* The problem
What needs reproducing is the run of lines in the data below starting at the line with "Open cocoa pod" and ending at the line with "주방 방수 스티커 내화성", both ends included. Copy it exactly, without pictures, and add nothing.

* Exercise materials
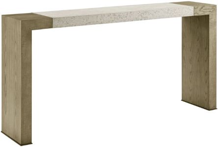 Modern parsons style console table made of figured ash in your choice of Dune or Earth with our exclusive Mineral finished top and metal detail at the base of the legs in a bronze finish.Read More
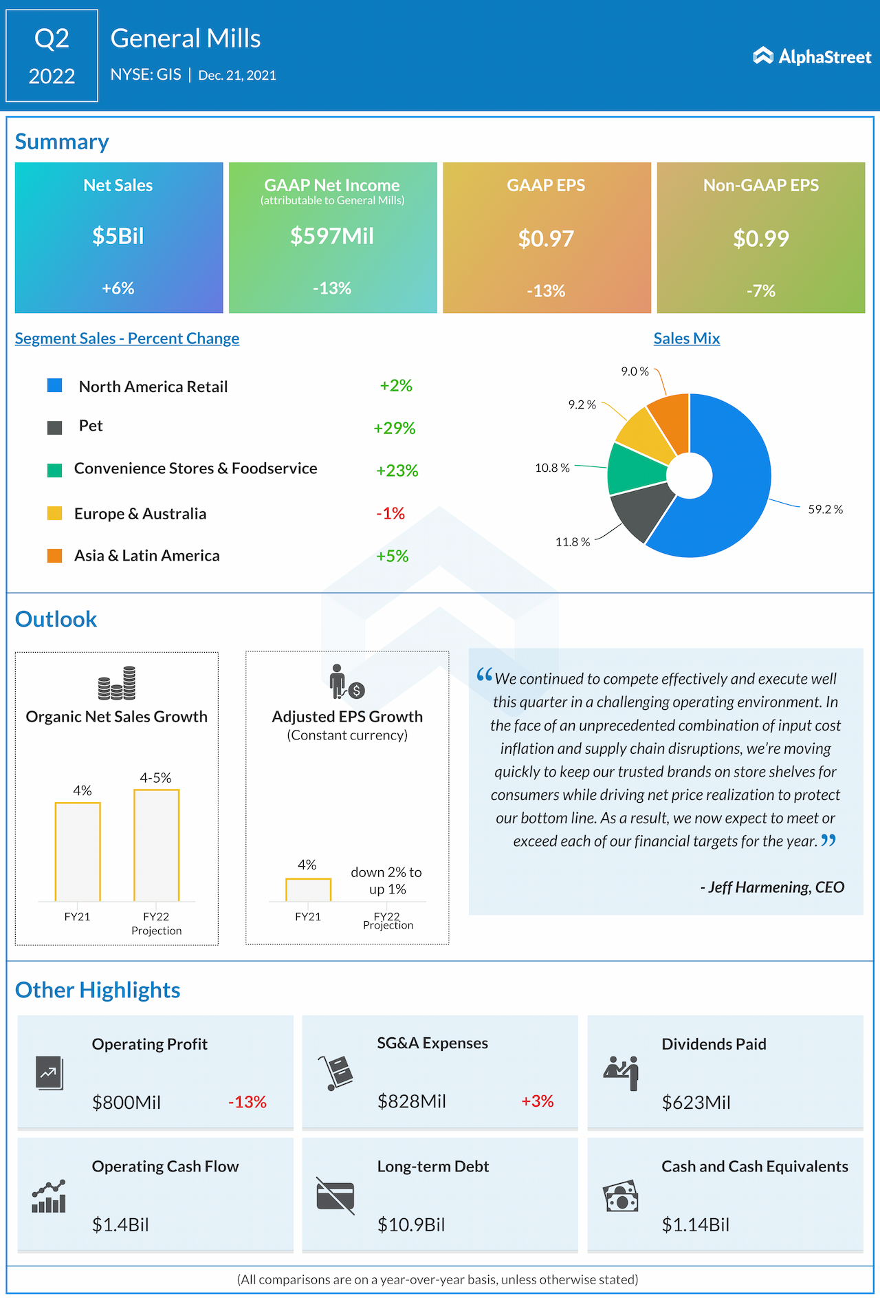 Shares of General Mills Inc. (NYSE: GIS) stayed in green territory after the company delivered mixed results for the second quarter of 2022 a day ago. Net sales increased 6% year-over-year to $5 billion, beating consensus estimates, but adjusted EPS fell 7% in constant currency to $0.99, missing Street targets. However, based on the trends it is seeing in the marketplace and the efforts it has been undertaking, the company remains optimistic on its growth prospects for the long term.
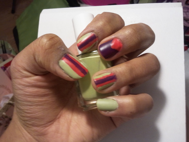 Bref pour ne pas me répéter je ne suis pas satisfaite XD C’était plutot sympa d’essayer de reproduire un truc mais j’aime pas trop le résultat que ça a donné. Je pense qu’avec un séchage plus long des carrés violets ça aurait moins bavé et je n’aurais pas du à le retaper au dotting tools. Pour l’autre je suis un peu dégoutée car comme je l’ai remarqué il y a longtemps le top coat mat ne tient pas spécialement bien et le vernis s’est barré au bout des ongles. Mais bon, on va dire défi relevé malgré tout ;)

---

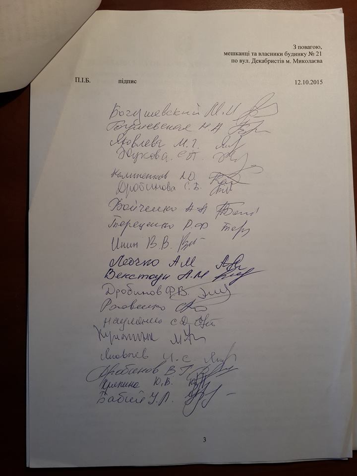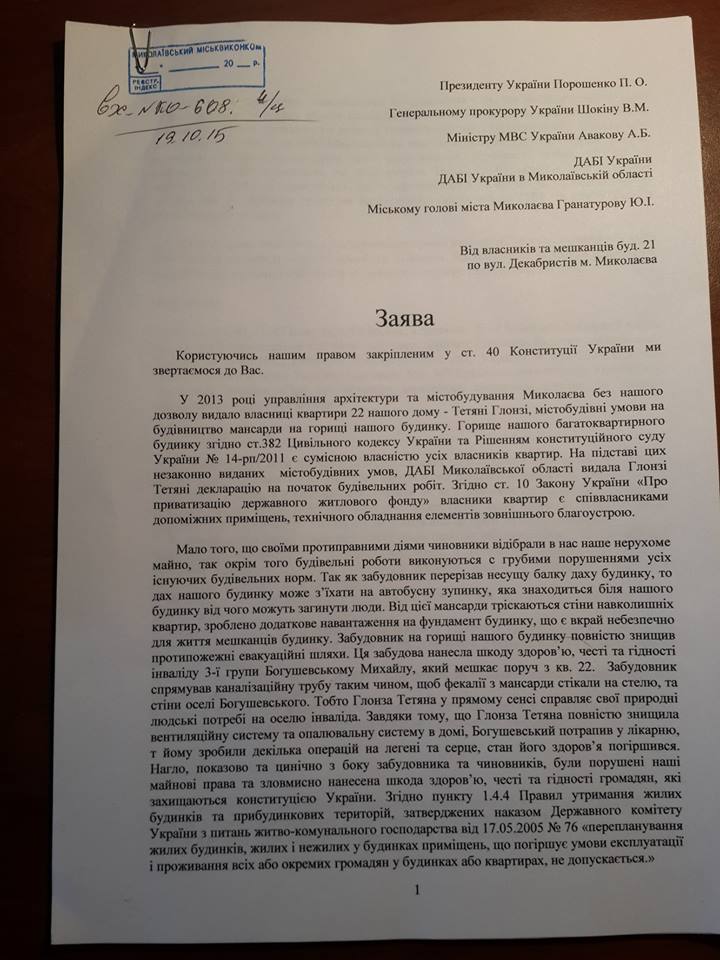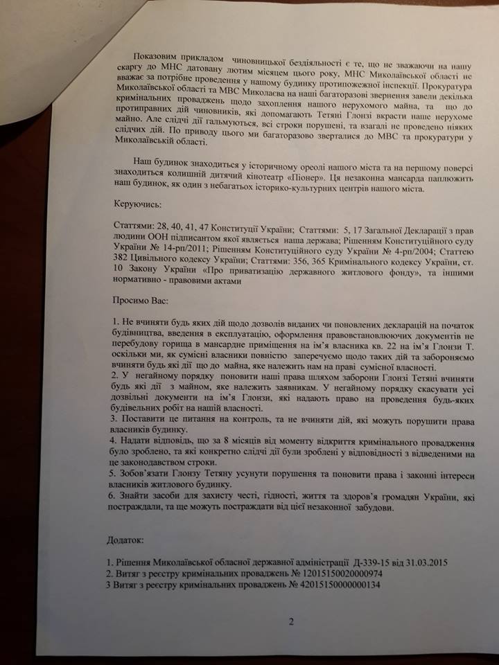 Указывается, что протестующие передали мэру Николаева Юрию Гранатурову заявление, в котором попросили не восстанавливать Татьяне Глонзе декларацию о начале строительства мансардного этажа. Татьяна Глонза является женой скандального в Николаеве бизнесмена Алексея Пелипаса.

...

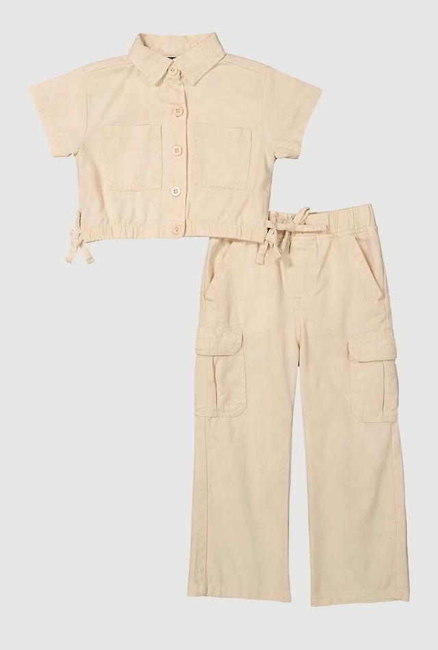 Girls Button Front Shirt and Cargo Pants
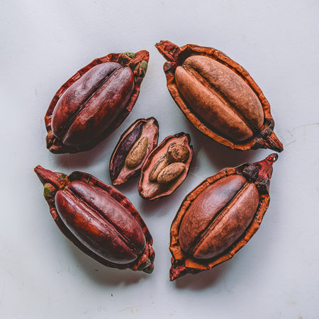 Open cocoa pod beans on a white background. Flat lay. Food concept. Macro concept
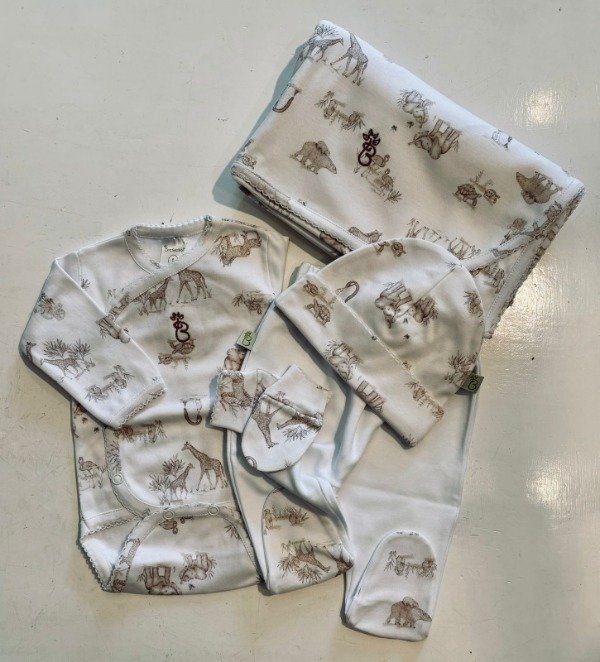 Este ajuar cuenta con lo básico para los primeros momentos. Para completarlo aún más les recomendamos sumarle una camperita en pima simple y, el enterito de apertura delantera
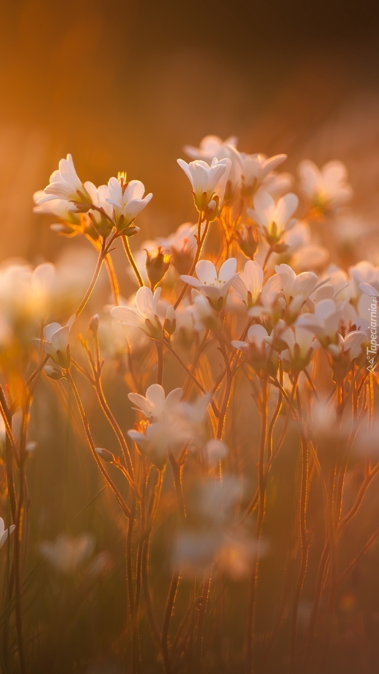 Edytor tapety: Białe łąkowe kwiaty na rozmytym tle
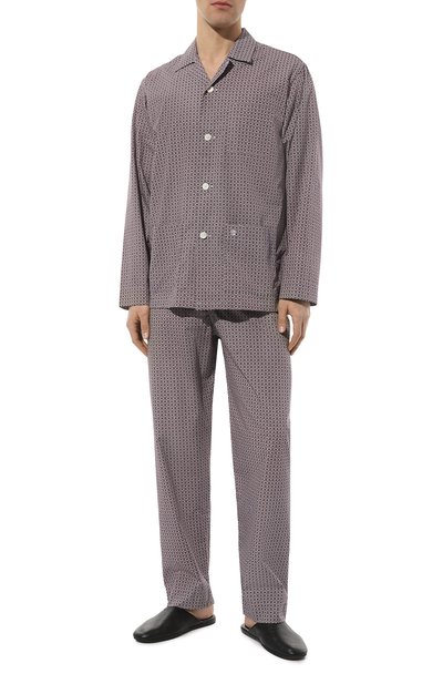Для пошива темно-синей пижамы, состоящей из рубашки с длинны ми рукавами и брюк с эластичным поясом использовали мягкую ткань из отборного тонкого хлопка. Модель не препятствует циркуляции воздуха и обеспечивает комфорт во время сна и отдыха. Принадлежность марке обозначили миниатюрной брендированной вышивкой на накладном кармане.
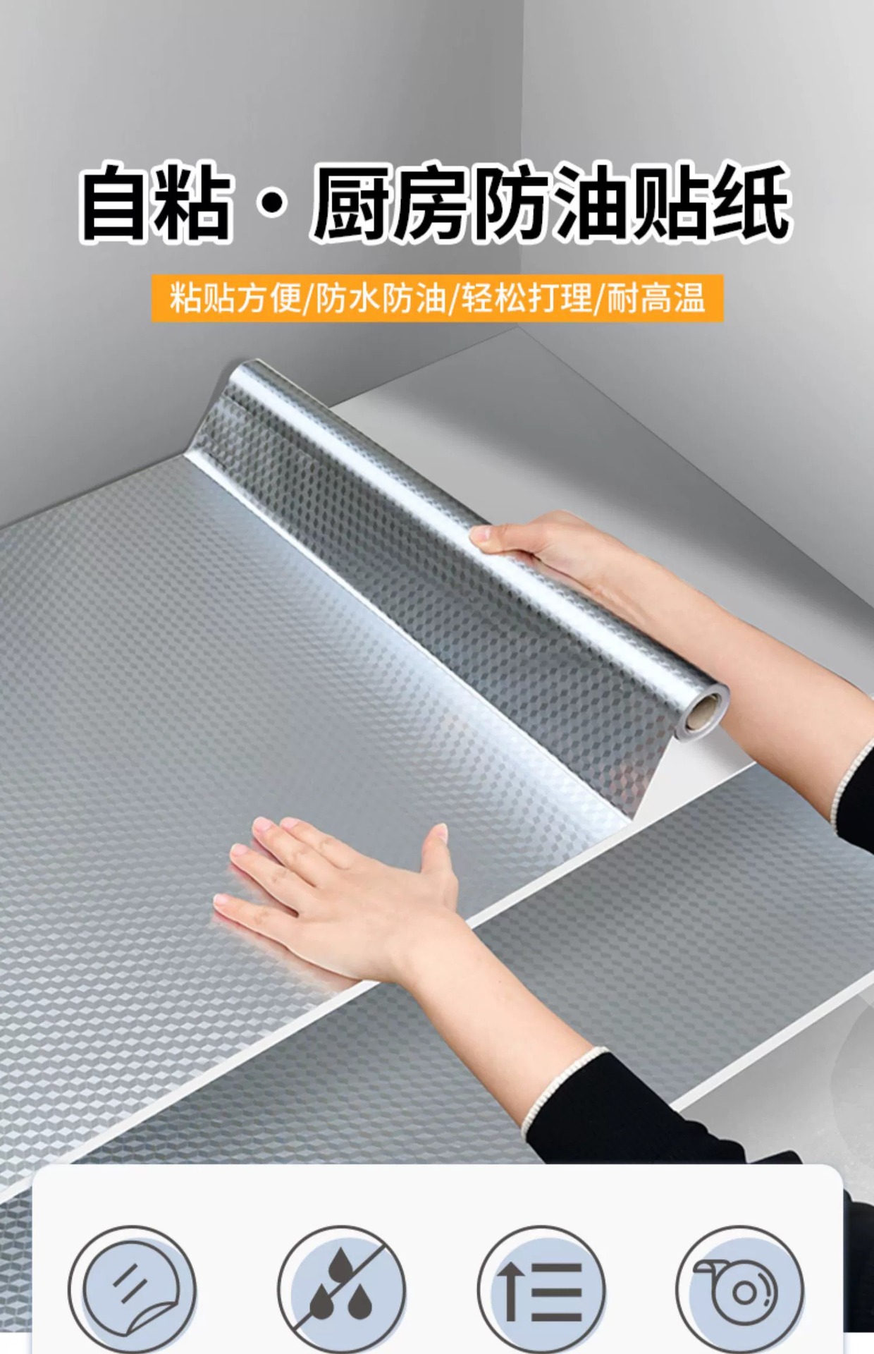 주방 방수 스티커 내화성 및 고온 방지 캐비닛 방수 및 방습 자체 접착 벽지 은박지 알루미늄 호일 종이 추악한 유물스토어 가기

* Task output
 Open cocoa pod beans on a white background. Flat lay. Food concept. Macro concept
 Este ajuar cuenta con lo básico para los primeros momentos. Para completarlo aún más les recomendamos sumarle una camperita en pima simple y, el enterito de apertura delantera
 Edytor tapety: Białe łąkowe kwiaty na rozmytym tle
Для пошива темно-синей пижамы, состоящей из рубашки с длинны ми рукавами и брюк с эластичным поясом использовали мягкую ткань из отборного тонкого хлопка. Модель не препятствует циркуляции воздуха и обеспечивает комфорт во время сна и отдыха. Принадлежность марке обозначили миниатюрной брендированной вышивкой на накладном кармане.
 주방 방수 스티커 내화성 및 고온 방지 캐비닛 방수 및 방습 자체 접착 벽지 은박지 알루미늄 호일 종이 추악한 유물스토어 가기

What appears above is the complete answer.